# Anyone want a s13?



## Guest (Nov 19, 2003)

Hey guys  

I'm here in Canberra Australia, and would be intersted in finding out how many of you would be interested in purchasing one of the Japanese 180sx or Silvia Series. 

In Australia we have an abundance of nissans, all powered with everything from the bullet proof CA18DET and the powerful SR20DET. We also have non-turbo varients of both engines. 

Many Nissans have been worked here, with many many RB20DET (from R32 Skyline) conversions, RB25DET (even a DETT) and the GT-R's RB26DETT. 

What I would be interested in doing is providing a service for YOU to import cars from here in Aus, to the USA, and get the power of the above mentioned engines, under your feet :thumbup: 

I'm just trying to guage and interest in how many people would be interested?

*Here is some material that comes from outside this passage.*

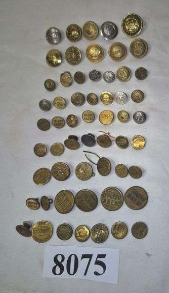 Antique / vintage buttons and studs, most if not all railroad related. Location: 2nd floor BR 1

Cost of the cars will be relitively cheap i comparison to a SR20 swap.

We can source other vehicles aswell. Pulsar N14 GTi-R, R32 GTS/GTST/GT-R , R33 GTS/GTST/GT-R, R34 - All, aswell as many of the JDM Supras and alike.

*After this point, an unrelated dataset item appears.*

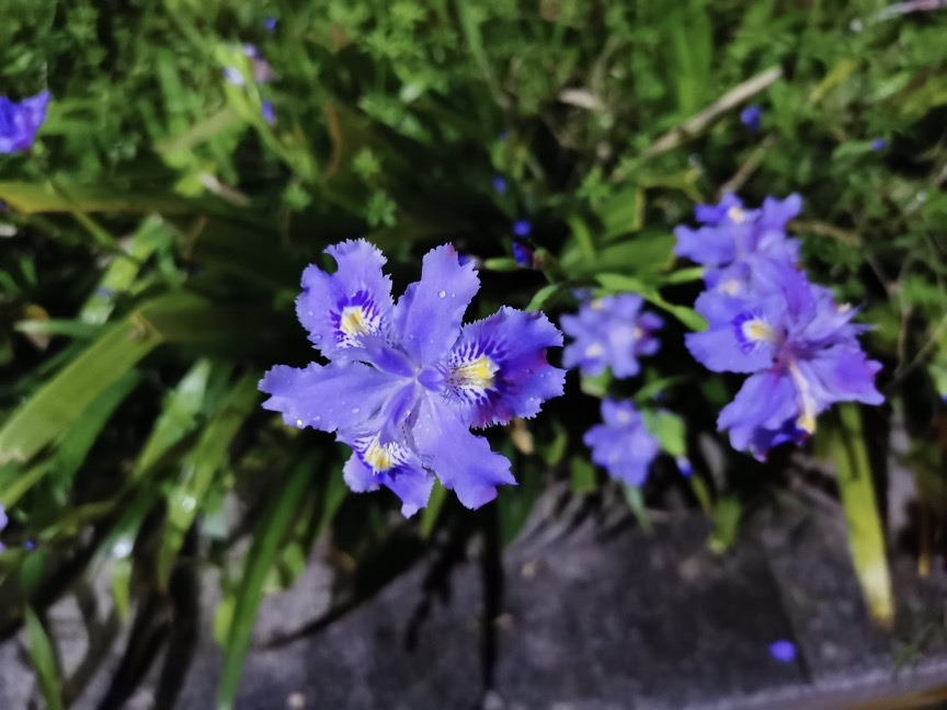 晚上从发热门诊下班,看到医院花坛里的蝴蝶花开了。在淅淅沥沥的夜雨里,蓝紫色的花朵静谧地绽放。似翩然欲飞的蝴蝶,如守望黎明的精灵。

*JDM S13 Silvia - Available*









*JDM S13 180sx - Available*

*








Aus s14 - Available*









*Aus s14a - Available*









*Aus S15 Silvia - Available - 
JDM S15 Available*


----------



## nismo-vzr (Sep 14, 2003)

*s-13*

I'm pretty sure a of people will buy them if you can bring it in. The problem is...the shit you have to go through to make them legal. Especially, here in California. If it's legal, a lot of people will buy them. If it's not, then it'll be better to do a swap ilegally at least the car is already registered here.
If you can bring it in legally, I'll be one of those guys buying it from you.


----------



## rsx84 (Nov 2, 2003)

this is what i've been looking into for the skylines and it seems that there are so many steps to overcome, one of them is you need to donate 3 cars of each model you want to import for the crash test to be done then using a US based company organize shipping import taxes conversion $$$$


----------



## unsoshabl (May 28, 2003)

*homework already done*

I have already done all the homework involved with this. I know all that is needed for this process and i was looking for a few partners to go in on this with me about a year ago to import skylines and sylvia's. two of my partners fell through so i kinda gave up on it. the guy above me metioned have to donate 3 of each car. kinda, only need to crash test as many cars as is needed to show they are compliant with safety tests. once they pass it is done for that specific make and model. I would love to talk to you about this project you are undertaking. please contact me at [email protected] . I am leaving to goto IRAQ here within a month so please get ahold of me before i go so i can pass all the info on to you. hell could do a joint venture here. Thanks and have a good one. take care.


----------



## Dan-zig (Apr 19, 2003)

This whole thing sounds a bit fishy....
but to answer your question...yes I want an s13


----------



## speedy_240sx (Nov 6, 2003)

Dusky007 said:


> Hey guys
> 
> I'm here in Canberra Australia, and would be intersted in finding out how many of you would be interested in purchasing one of the Japanese 180sx or Silvia Series.
> 
> ...


I would love to get my hands on a half cut of a skyline with the RB26DETT motor and a RWD transmission so that I can swap it over in my s14a. How much do you think it would cost to ship to Georgia in the USA? I want to put that monster under the hood of my car so that I can have the ultimate sleeper car.


----------



## 1CLNB14 (Apr 30, 2002)

It's more than just crash testing to make them legal.
Many of them come with headlights that are not DOT compliant.
Also, many of the doors/seatbelts/bumpers/emissions are not up to DOT standards as well.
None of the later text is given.